Over the past year we have had some thoughts about the independent minyanim and we have watched what others are saying too.
Some observations about them are just silly and superficial, like the one in the Forward that compared indie minyans to barefoot jogging. We are still scratching our head over that one.
We think the indie minyan is a major formative trend in Judaism.
It is time to admit that a new social network model is taking shape for the theology and sociology of judaism and nothing will stop it.
And that is okay because we don't need a single unitary religion called Judaism. We have tribalism that unites us. We have a few big symbols and stories and books that we agree upon (Israel, Holocaust, the Bible). We share a common calendar (holidays). We have a shared layer of our religion that defines our borders and the the gross shapes of our religion.
And then clearly we have agreed to break up into smaller groups. While that has always been a fact of Jewish organizational life, facebook and linked in have taught us how easy and attractive it can be to form communities.
The advent of fresh new Judaisms organized around strong social networks, that is essentially what is happening in the indie minyan phenomenon. A self organizing membership arises by the forces of common bonding. like ideas, like ages, like families, close proximities, socio-economic ties.
In the previous go around at the end of the 20th century, within Orthodoxy a trend like this was called shtibilization. Because of that in Teaneck we have little shuls within big shuls, and we have the proto-social network minyanim like Davar, a basement minyan of several intellectuals and others who like to be among scholars.

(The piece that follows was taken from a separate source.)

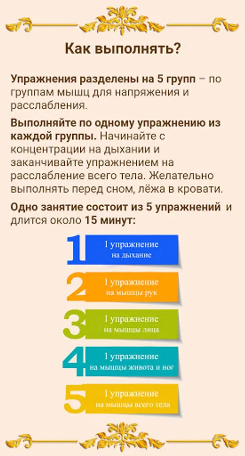 More than 100 years ago, a world-renowned professor Edmund Jacobson proved that complete relaxation of body muscles relieves nervous and psycho-emotional stress and calms the psyche.

Now moreso in the Conservative and Reform context we have the next century's version, and it is called the indies. It is a strong trend, it has real social legs and it has unbelievable technology to support it - all the new mechanisms of social networking.
Yes we think the big capital J Judaism will survive this new self-organizing realignment of Judaism. While other religions don't all have the binding tribal element - and it makes it harder to view the contours of what links together the networks of friends, we have that, i.e., the Jewbook technology - the tribal friending that keeps the entire agglomeration of social networks together and functioning.
And last year, here is what we said about this important book:
The book is an olio of materials about alternative minyanim, their practices and communities. It shows both how much has been accomplished in the "building vibrant" new synagogues and also leaves it clear that this is just the beginning of the current generation's reinvention of Judaism.
Will this crop of young and energetic entrepreneurs build lasting Jewish ventures? The Jewish spiritual world is a tough marketplace to compete in even though there is no substantive competition. The American Jewish pie is small and shrinking and a growing number of professionals are staking their claims. Institutionalized religious agencies are not about to roll over and let what they see as the flavor of the month march in and eat their lunch.
The difference this time around first will be books like this one that create a sense of shared community across many communities. And of course the subversive-constructive ease of sharing audio, video and written materials on the web is the other factor whose full impact is as yet not known.